Only the lines below from the one containing "據(jù)德國《圖片報》1月" through the one containing "Viscosity of ternary" belong in the answer, set down exactly, with the pictures left out.

SOURCE RECORDS below:

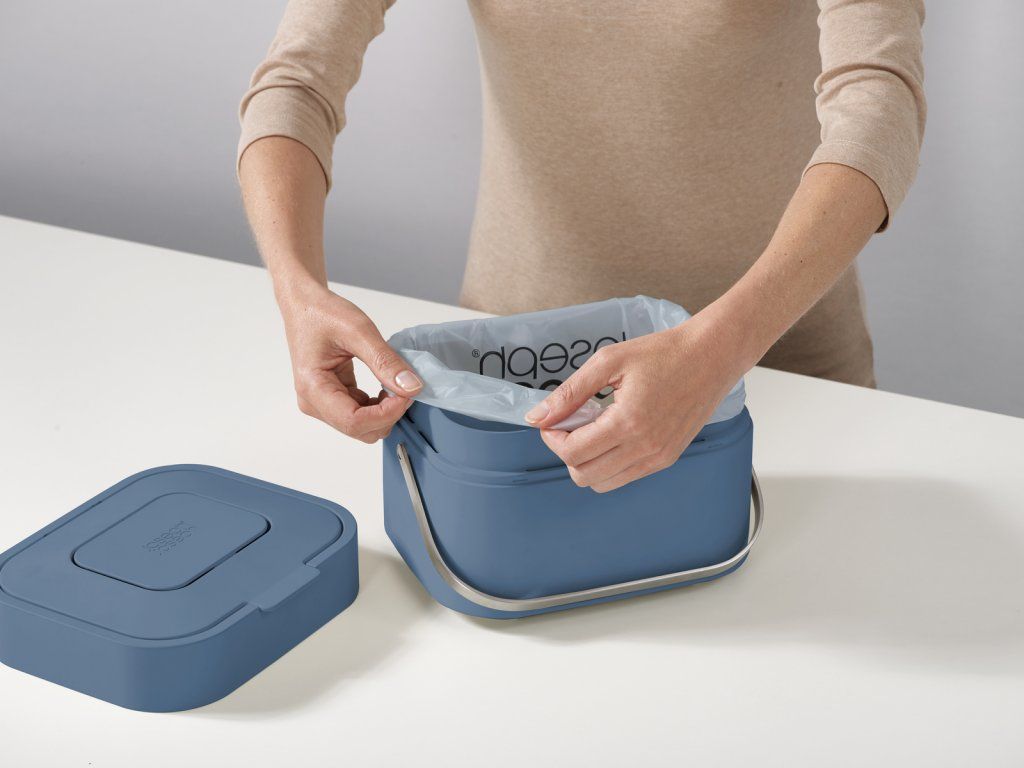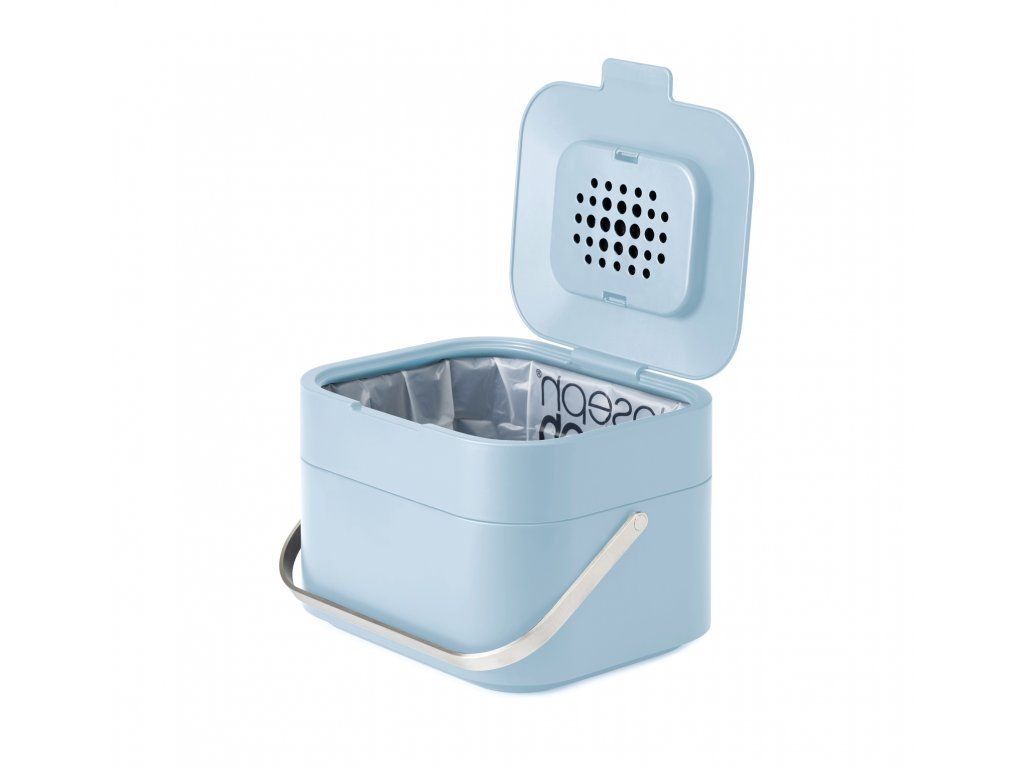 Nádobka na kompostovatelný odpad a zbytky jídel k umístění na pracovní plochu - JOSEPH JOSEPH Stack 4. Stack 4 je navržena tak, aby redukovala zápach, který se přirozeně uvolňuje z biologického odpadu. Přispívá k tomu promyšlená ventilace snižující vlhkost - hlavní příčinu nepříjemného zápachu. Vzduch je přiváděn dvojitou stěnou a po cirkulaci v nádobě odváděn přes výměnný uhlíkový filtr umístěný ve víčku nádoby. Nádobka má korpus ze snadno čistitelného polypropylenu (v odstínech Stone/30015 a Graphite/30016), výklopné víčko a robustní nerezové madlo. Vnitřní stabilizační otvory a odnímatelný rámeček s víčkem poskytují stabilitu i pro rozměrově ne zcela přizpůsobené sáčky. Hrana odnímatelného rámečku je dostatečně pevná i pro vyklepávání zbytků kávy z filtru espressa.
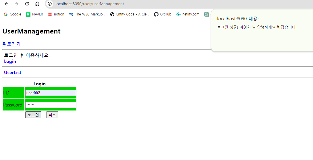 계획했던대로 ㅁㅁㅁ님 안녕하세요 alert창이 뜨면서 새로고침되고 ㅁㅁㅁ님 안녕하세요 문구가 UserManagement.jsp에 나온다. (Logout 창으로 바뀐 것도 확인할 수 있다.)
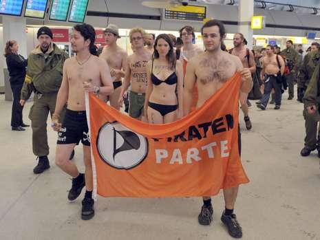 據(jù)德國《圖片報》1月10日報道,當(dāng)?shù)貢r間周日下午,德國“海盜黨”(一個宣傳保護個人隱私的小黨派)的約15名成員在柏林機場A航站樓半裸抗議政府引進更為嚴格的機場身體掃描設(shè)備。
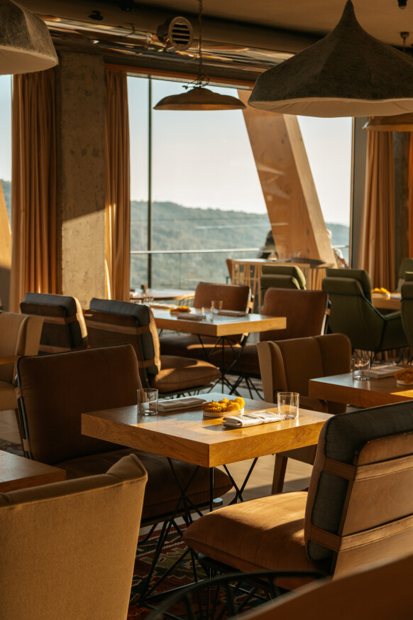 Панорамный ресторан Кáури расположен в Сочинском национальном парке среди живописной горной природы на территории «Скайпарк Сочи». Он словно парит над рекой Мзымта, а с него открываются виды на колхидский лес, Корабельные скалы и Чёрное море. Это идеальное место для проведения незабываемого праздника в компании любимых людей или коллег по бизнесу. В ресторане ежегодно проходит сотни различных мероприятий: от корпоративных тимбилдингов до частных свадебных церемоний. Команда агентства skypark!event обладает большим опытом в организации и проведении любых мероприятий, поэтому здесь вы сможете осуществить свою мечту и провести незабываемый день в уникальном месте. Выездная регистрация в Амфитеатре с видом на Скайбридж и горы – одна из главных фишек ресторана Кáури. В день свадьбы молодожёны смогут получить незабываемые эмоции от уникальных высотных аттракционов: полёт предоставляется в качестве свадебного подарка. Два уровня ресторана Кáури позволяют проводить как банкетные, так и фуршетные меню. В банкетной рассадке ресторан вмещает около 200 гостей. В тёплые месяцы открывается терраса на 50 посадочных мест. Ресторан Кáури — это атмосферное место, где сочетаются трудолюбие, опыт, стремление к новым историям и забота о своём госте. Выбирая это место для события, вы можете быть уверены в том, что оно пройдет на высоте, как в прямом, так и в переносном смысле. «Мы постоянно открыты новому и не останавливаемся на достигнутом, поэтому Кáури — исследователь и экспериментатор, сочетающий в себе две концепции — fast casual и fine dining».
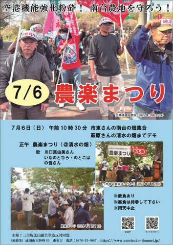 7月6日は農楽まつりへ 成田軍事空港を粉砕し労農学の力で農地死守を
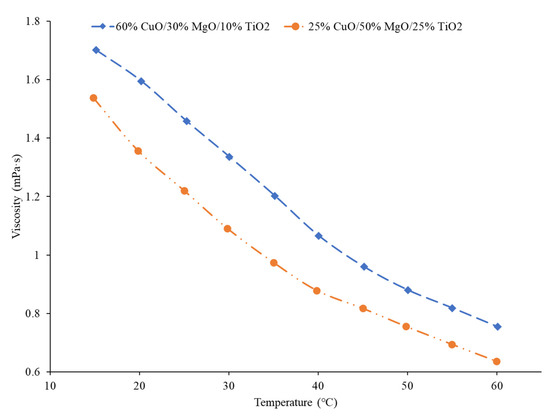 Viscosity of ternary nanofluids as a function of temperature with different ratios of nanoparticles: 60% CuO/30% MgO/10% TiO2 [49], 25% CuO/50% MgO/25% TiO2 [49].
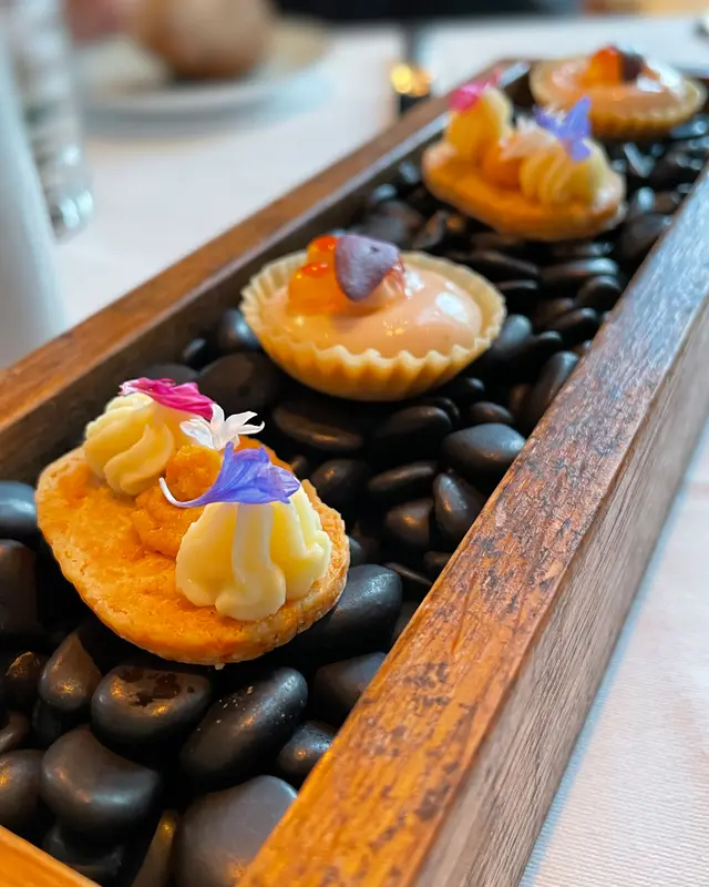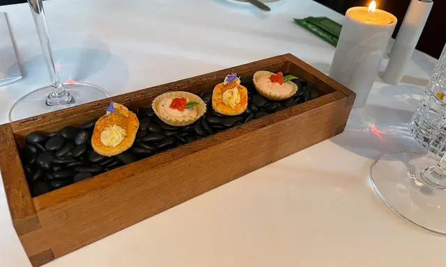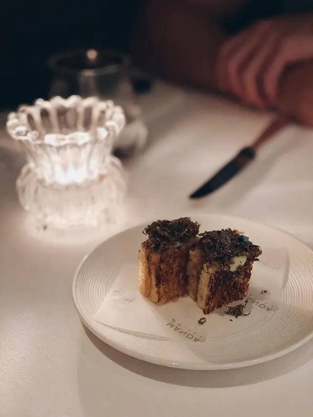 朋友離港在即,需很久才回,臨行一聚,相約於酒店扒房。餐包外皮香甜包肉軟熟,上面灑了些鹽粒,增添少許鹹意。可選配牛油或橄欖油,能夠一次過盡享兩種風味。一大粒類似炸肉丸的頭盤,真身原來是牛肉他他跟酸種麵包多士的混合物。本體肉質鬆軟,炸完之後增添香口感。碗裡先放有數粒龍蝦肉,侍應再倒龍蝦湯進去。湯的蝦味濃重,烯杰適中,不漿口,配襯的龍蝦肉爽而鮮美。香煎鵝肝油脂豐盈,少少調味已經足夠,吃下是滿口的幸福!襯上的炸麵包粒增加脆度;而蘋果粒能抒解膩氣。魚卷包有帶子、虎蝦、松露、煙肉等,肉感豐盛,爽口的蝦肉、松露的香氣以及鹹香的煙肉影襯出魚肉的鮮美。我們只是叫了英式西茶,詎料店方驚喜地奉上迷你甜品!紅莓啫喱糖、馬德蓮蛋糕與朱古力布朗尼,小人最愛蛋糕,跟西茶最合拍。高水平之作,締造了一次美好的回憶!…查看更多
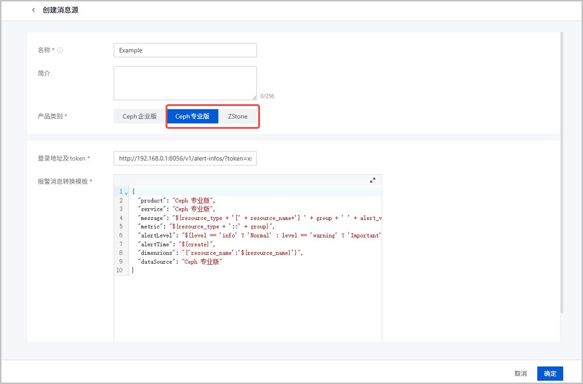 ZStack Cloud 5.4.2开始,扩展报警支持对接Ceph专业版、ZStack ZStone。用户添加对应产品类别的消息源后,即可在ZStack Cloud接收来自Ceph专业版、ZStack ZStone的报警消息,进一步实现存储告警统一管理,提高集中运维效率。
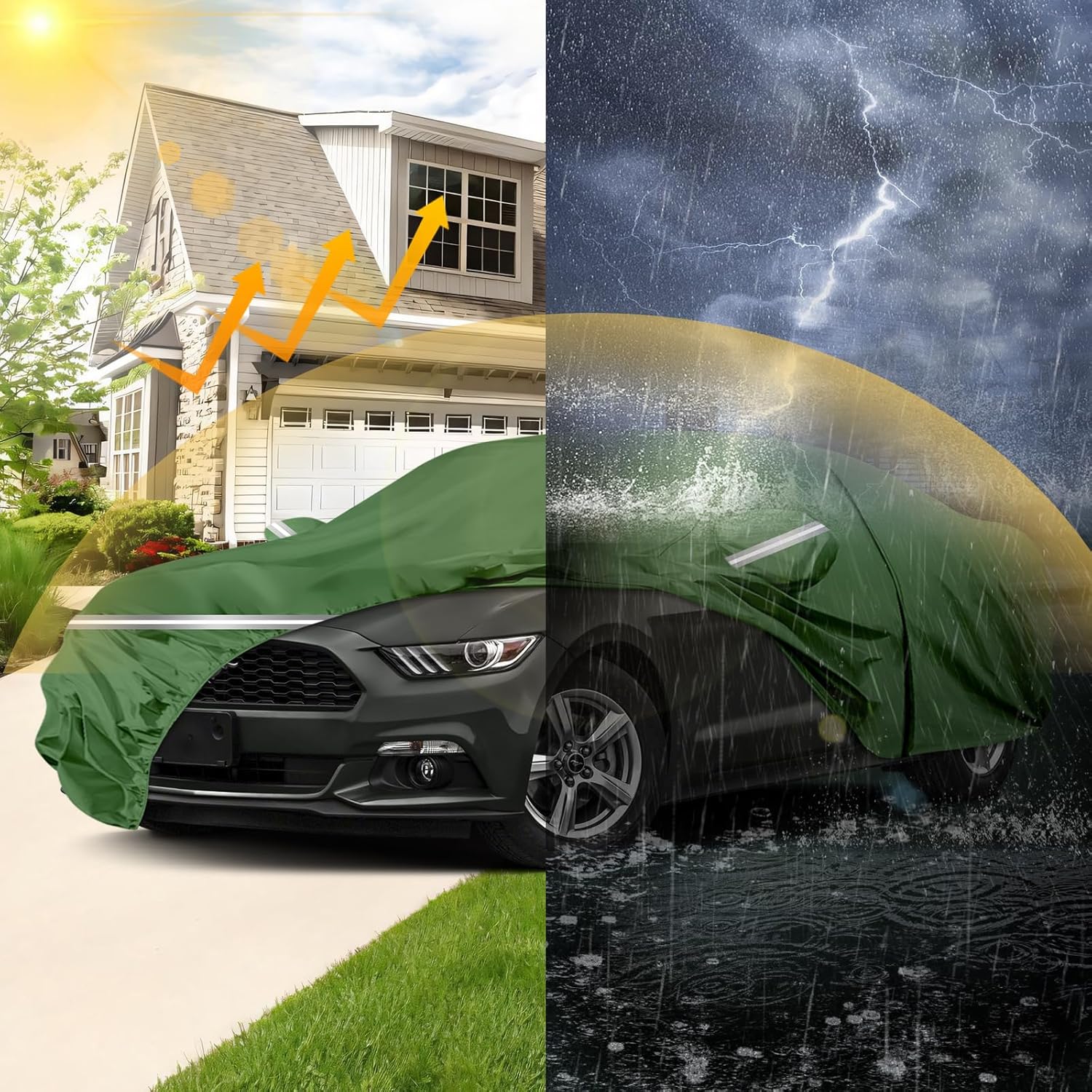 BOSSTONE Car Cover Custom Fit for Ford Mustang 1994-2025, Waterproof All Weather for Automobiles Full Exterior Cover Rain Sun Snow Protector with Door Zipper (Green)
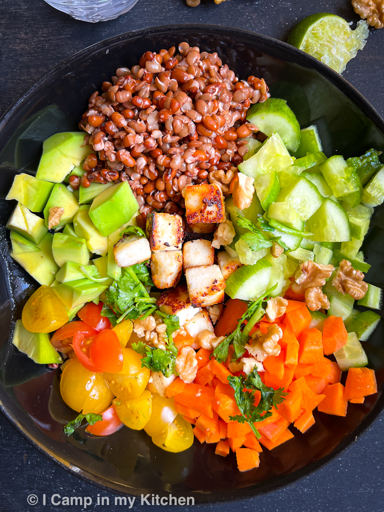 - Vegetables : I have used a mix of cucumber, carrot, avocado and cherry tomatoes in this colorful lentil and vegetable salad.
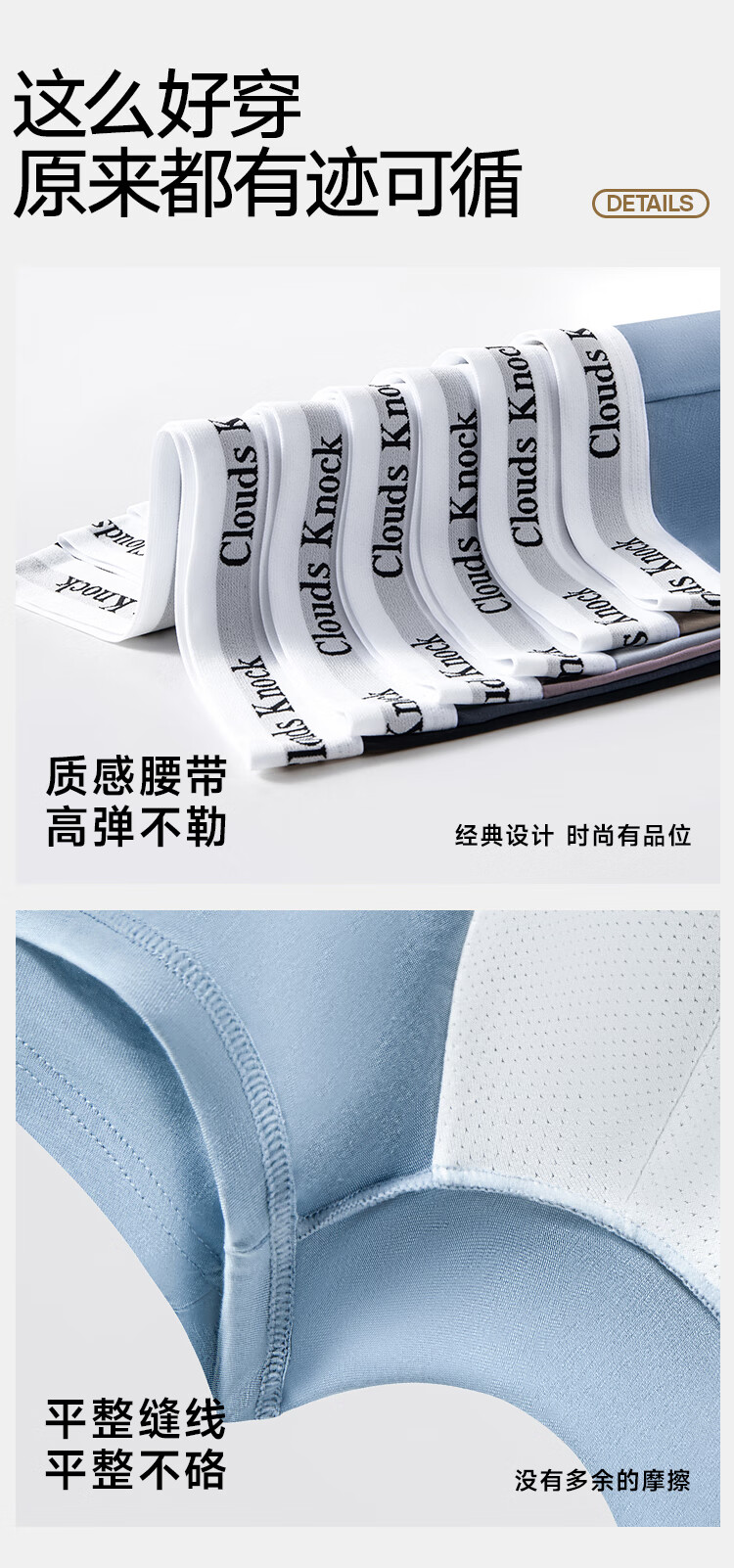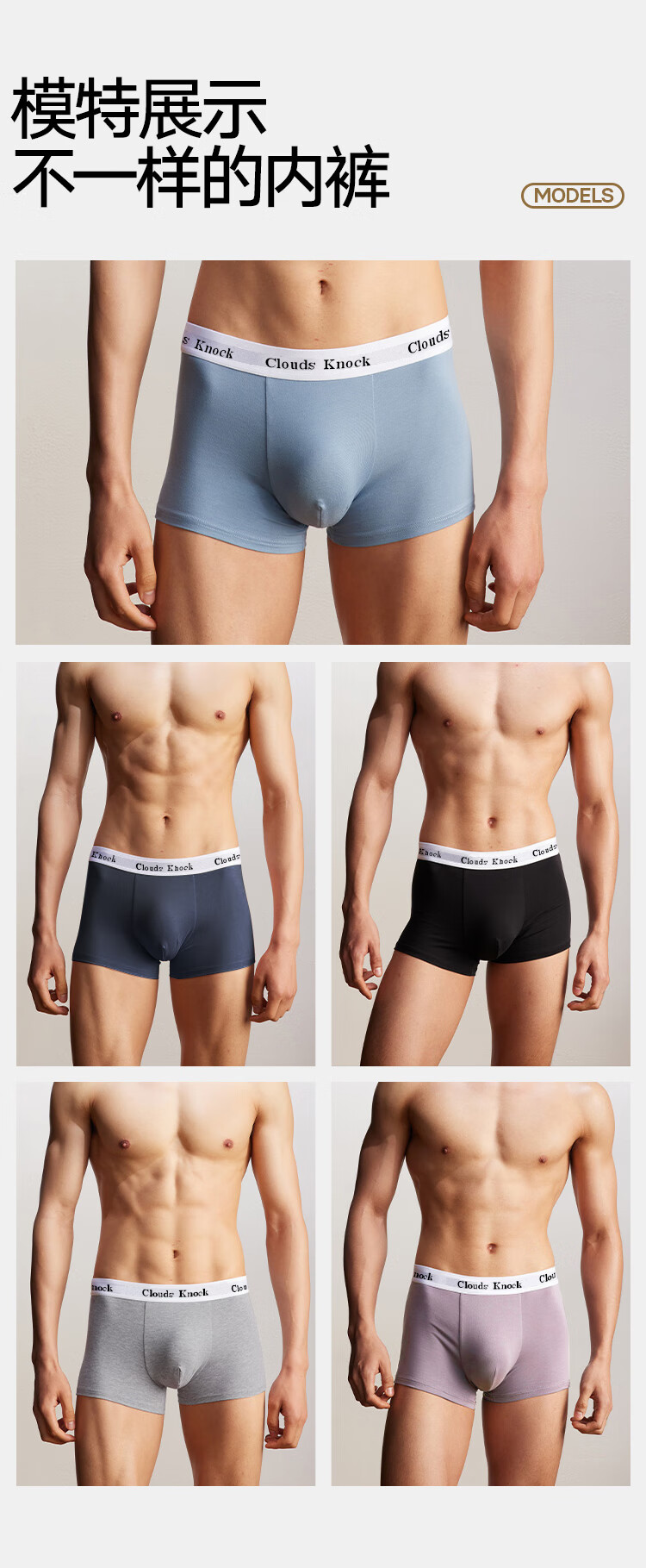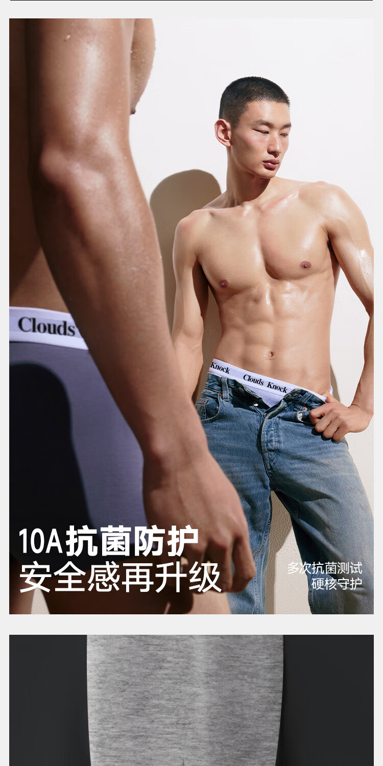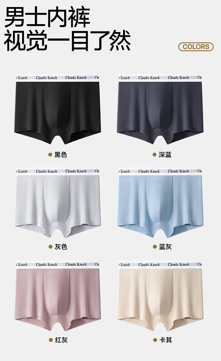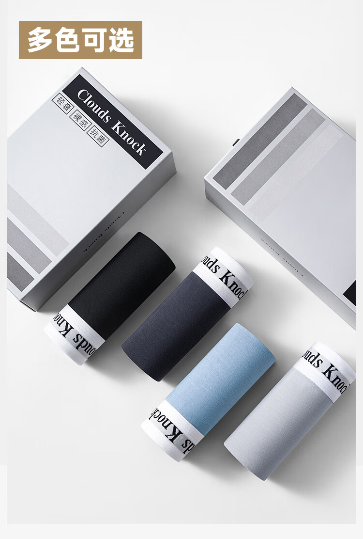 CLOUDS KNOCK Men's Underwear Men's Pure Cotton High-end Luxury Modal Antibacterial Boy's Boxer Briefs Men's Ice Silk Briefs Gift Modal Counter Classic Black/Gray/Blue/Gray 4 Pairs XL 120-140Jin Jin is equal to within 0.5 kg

End of SOURCE RECORDS.

• RESPONSE AREA:
 據(jù)德國《圖片報》1月10日報道,當(dāng)?shù)貢r間周日下午,德國“海盜黨”(一個宣傳保護個人隱私的小黨派)的約15名成員在柏林機場A航站樓半裸抗議政府引進更為嚴格的機場身體掃描設(shè)備。
 Панорамный ресторан Кáури расположен в Сочинском национальном парке среди живописной горной природы на территории «Скайпарк Сочи». Он словно парит над рекой Мзымта, а с него открываются виды на колхидский лес, Корабельные скалы и Чёрное море. Это идеальное место для проведения незабываемого праздника в компании любимых людей или коллег по бизнесу. В ресторане ежегодно проходит сотни различных мероприятий: от корпоративных тимбилдингов до частных свадебных церемоний. Команда агентства skypark!event обладает большим опытом в организации и проведении любых мероприятий, поэтому здесь вы сможете осуществить свою мечту и провести незабываемый день в уникальном месте. Выездная регистрация в Амфитеатре с видом на Скайбридж и горы – одна из главных фишек ресторана Кáури. В день свадьбы молодожёны смогут получить незабываемые эмоции от уникальных высотных аттракционов: полёт предоставляется в качестве свадебного подарка. Два уровня ресторана Кáури позволяют проводить как банкетные, так и фуршетные меню. В банкетной рассадке ресторан вмещает около 200 гостей. В тёплые месяцы открывается терраса на 50 посадочных мест. Ресторан Кáури — это атмосферное место, где сочетаются трудолюбие, опыт, стремление к новым историям и забота о своём госте. Выбирая это место для события, вы можете быть уверены в том, что оно пройдет на высоте, как в прямом, так и в переносном смысле. «Мы постоянно открыты новому и не останавливаемся на достигнутом, поэтому Кáури — исследователь и экспериментатор, сочетающий в себе две концепции — fast casual и fine dining».
 7月6日は農楽まつりへ 成田軍事空港を粉砕し労農学の力で農地死守を
 Viscosity of ternary nanofluids as a function of temperature with different ratios of nanoparticles: 60% CuO/30% MgO/10% TiO2 [49], 25% CuO/50% MgO/25% TiO2 [49].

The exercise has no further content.